(Excerpts from a dataset)
———

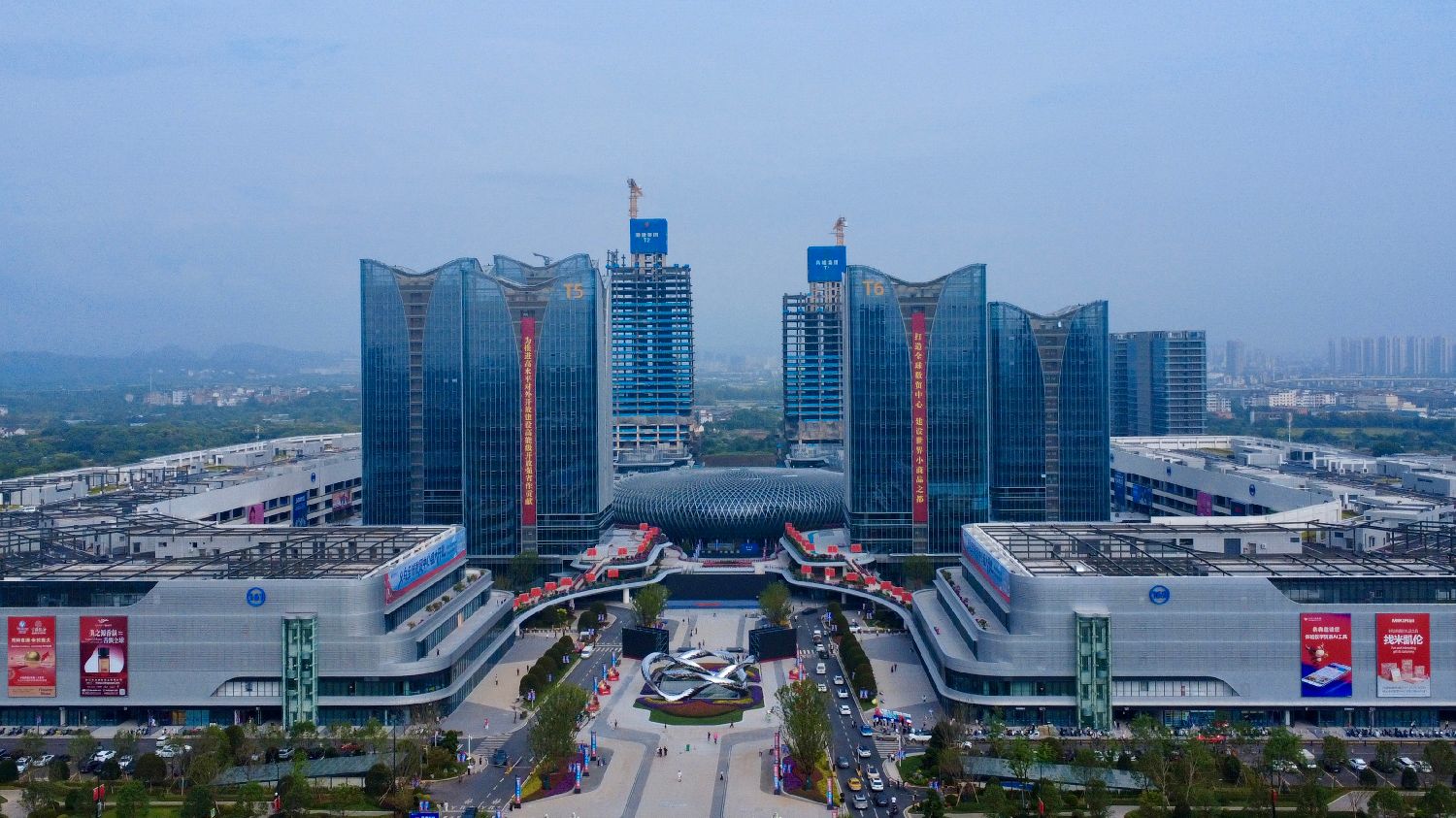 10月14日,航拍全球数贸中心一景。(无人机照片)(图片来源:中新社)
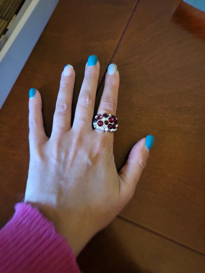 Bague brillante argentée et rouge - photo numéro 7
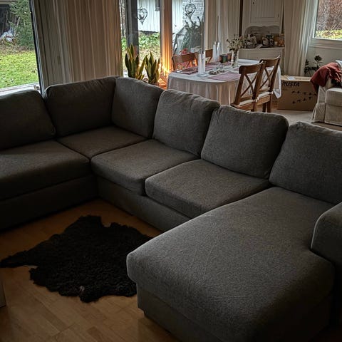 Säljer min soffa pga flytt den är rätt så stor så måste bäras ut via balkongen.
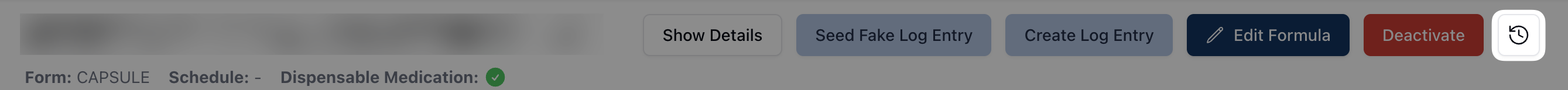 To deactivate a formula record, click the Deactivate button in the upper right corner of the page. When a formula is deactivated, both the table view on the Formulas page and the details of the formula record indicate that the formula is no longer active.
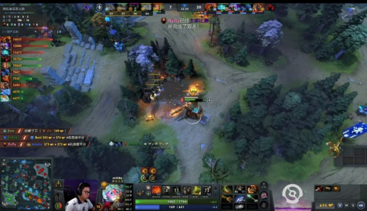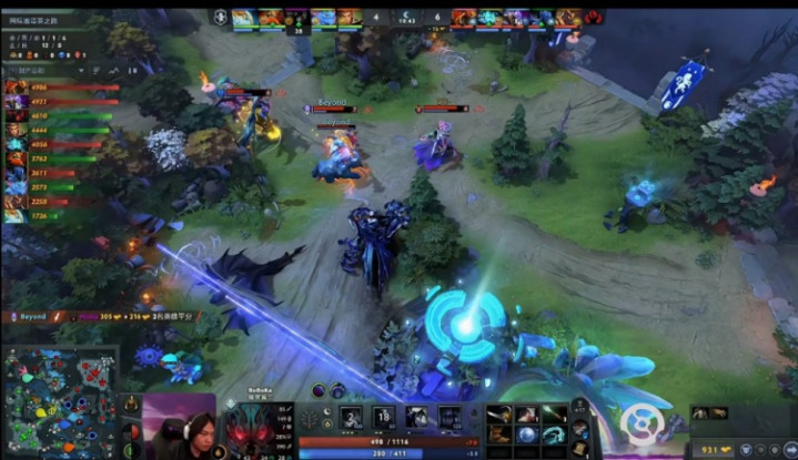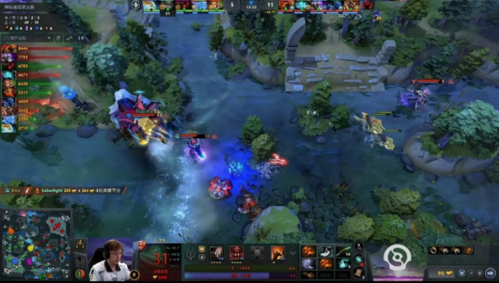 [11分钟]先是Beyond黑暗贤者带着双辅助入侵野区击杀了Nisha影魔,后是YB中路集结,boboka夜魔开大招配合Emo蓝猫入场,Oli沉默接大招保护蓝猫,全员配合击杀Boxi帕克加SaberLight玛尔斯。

———

(What is needed)
Provide an exact copy of only the lines from the beginning of the entries through the line containing "Säljer min soffa", both ends included, with no pictures.

(Solution below)
 10月14日,航拍全球数贸中心一景。(无人机照片)(图片来源:中新社)
 Bague brillante argentée et rouge - photo numéro 7
 Säljer min soffa pga flytt den är rätt så stor så måste bäras ut via balkongen.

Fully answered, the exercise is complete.